Pour justifier le classement du renard dans la liste des espèces dites « nuisibles », conformément à la législation en vigueur,
vous invoquez la « protection de la santé publique » et la « prévention des dommages importants aux activités agricoles ».
Considérant ce classement infondé, nous souhaitons porter à votre connaissance quelques éléments.
Le renard représente-t-il une menace pour la santé publique ?
En 2001, la France déclara officiellement avoir éradiqué la rage vulpine, suite à une campagne de vaccination réalisée avec
succès (et non grâce à la destruction, stratégie première qui se révéla inefficace). Dès 2002, soit quelques mois plus tard, les
chasseurs mirent curieusement en avant une nouvelle maladie pour justifier la persécution du renard : l’échinococcose
alvéolaire. Il s’agit maintenant de la maladie évoquée pour justifier un prétendu problème de santé public.
L’échinococcose alvéolaire est caractérisée par un parasite vivant à l’intérieur de l’intestin de certains mammifères (dont les
renards, mais également les chiens et les chats) et dont les œufs sont éliminés par les excréments.
Le risque de contamination pour l’Homme est présent en cas de consommation de végétaux souillés par des déjections
infectées. Cependant, dans les zones à risques, il existe des mesures relativement simples à mettre en place afin d’éviter
efficacement la maladie : ne pas toucher les excréments, se laver les mains avant chaque repas, faire cuire/bouillir les
aliments sauvages, vermifuger les chiens et chats tous les 6 mois (il est bon de rappeler que ces derniers sont un facteur de
contamination bien plus important que les renards).
Par ailleurs, la quasi-totalité des cas humains s’avèrent non mortels : une équipe de chercheurs francs-comtois a démontré
que l'Homme est un mauvais hôte pour ce parasite et que des mécanismes du système immunitaire se mettent en place
permettant de s'en débarrasser spontanément.
En outre, l’échinococcose alvéolaire est une maladie très localisée : 70 à 80% des départements français ne seraient pas
concernés (ce qui n’empêche manifestement pas les chasseurs d’invoquer cette maladie, quelque soit le département…).
Nous attirons particulièrement votre attention sur ce point : détruire les renards n’est pas un moyen de lutte contre la
maladie, au contraire, il a été démontré que cela intensifie sa progression notamment pour les raisons suivantes :
-En tuant des renards dont la majorité des individus sont sains, les chasseurs laissent de nouveaux territoires à conquérir
pour des renards éventuellement contaminés.
-Les renards pourchassés sont très mobiles et, en se déplaçant sur de longues distances, ils risquent ainsi de propager la
maladie.
-Les chasseurs pratiquent leurs activités généralement dans différents lieux, ainsi leurs chiens éventuellement contaminés
peuvent répandre la maladie.
-Il est fréquent que les chasseurs/piégeurs laissent des carcasses de renards se décomposer dans la nature, ce qui
constitue une source de contamination.
-Enfin, lors des déterrages de renards, les chiens ayant été à chaque fois en contact direct avec les renards, peuvent
propager la maladie d'un terrier à l'autre.
C’est pour ces raisons qu’en 1998 les autorités du Pays-Bas ont très logiquement interdit la chasse du renard.

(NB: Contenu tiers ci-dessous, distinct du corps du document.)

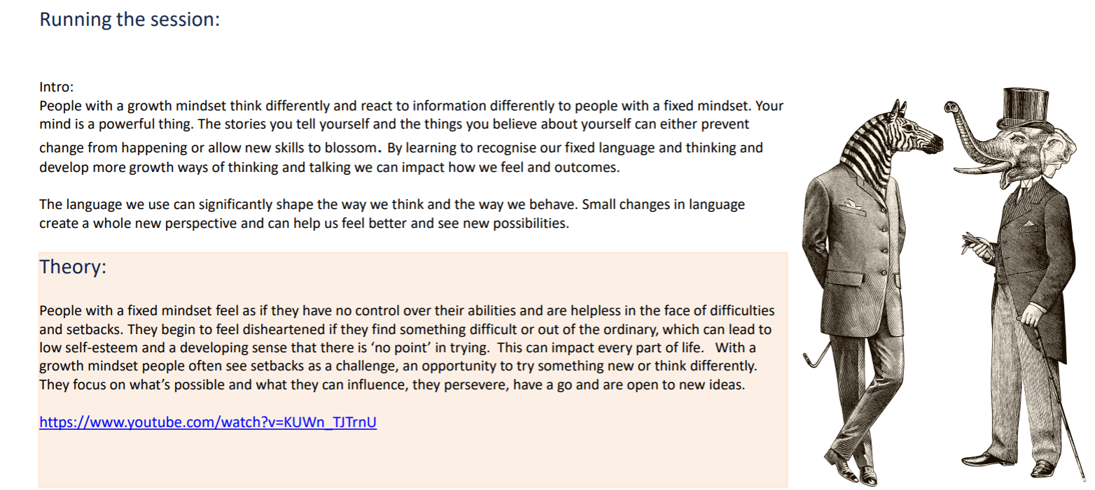 People with a growth mindset think differently and react to information differently to people with a fixed mindset. Your mind is a powerful thing. The stories you tell yourself and the things you believe about yourself can either prevent change from happening or allow new skills to blossom.

Le seul moyen efficace de lutter contre l'échinococcose alvéolaire est le dépôt d'appâts contenant un vermifuge. Des tests
ont été effectués avec succès en Allemagne : des appâts contenant du Praziquantel ont été déposés dans une région où
34% des renards étaient contaminés par l'échinococcose. 14 mois plus tard, seul 4% des renards étaient infectés. Dans
cette population de renards où plus d'1 individu sur 3 était infecté, seul 1 sur 25 l'était toujours après le traitement. Ainsi, une
campagne analogue pourrait être mise en place en France et permettrait sans doute, d’ici quelques années, d’éradiquer
l’échinococcose alvéolaire de la France.
Enfin, il nous semble bon de citer deux spécialistes de la biologie du renard, Claude Rivals et Marc Artois, qui rappellent très
justement que le renard, en jouant son rôle de prédateur naturel, procède à « l’élimination des animaux faibles, malades ou
morts, évitant pullulation et épidémies. Son rôle de "policier sanitaire" a été maintes fois souligné. »…

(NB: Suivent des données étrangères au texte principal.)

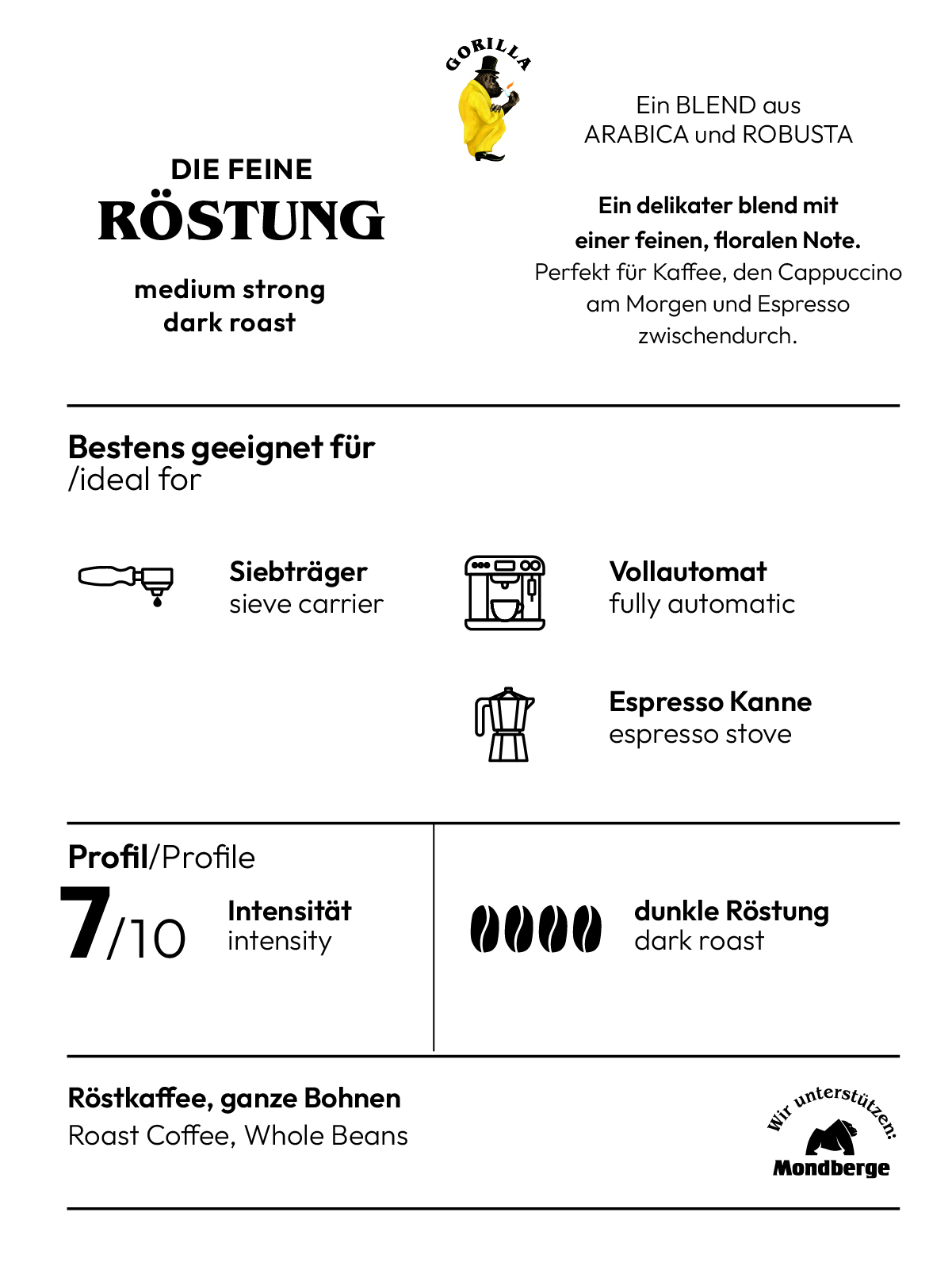 Der Gorilla Espresso Delicato ist ein Spitzen Espresso aus besten südamerikanischen Arabicabohnen und hochwertigen Robusta. Diese etwas dunklere Röstung schafft so ein Geschmackserlebnis nach norditalienischem Vorbild. Der Espresso Delicato hat ein mittelstarkes Aroma bei mittleren Koffeingehalt. Gorilla benutzt nur beste Rohkaffees die aus Hochlandgewächsen gewonnenen werden.

Le renard cause-t-il d’importants dommages aux agriculteurs ou aux éleveurs ?
Chaque renard consomme 8 000 à 10 000 petits rongeurs par an, lesquels se nourrissant en particulier de céréales
commettent des dégâts sur les cultures et les herbages. La DREAL Haute Normandie a présenté en novembre dernier une
note portant sur l'intérêt économique des mustélidés : elle estime, pour le seul département de l’Eure, que le fait de les
piéger entraîne une perte de 105 000 € (à cause de l’absence de cette protection indirecte due à l’élimination des
« ravageurs » des cultures). Le renard est un canidé, mais celui-ci ayant une alimentation similaire à celles des mustélidés (il
se nourrit principalement de micro-rongeurs), les conclusions de cette note lui sont également applicables. Ainsi, loin de
porter préjudice aux agriculteurs, les renards leur sont au contraire des alliés précieux et leur destruction se révèle être à
l’origine d’importantes pertes financières.
Intéressons-nous maintenant aux élevages. Les dégâts provoqués par les renards sur des élevages avicoles professionnels
sont minimes, car les oiseaux sont généralement placés dans des bâtiments fermés ou détenus dans des terrains très bien
clôturés. Dans le cas des particuliers, il suffit de vérifier le bon état de la clôture du poulailler et de rentrer les oiseaux chaque
soir pour éviter tout problème. Ainsi, les attaques constatées sont la plupart du temps liées à une négligence du propriétaire.
En outre, s’agissant d’attaques occasionnelles et se déroulant de surcroit chez des particuliers, est-il vraiment soutenable
d’invoquer un « dommage important aux activités agricoles/d’élevages » ?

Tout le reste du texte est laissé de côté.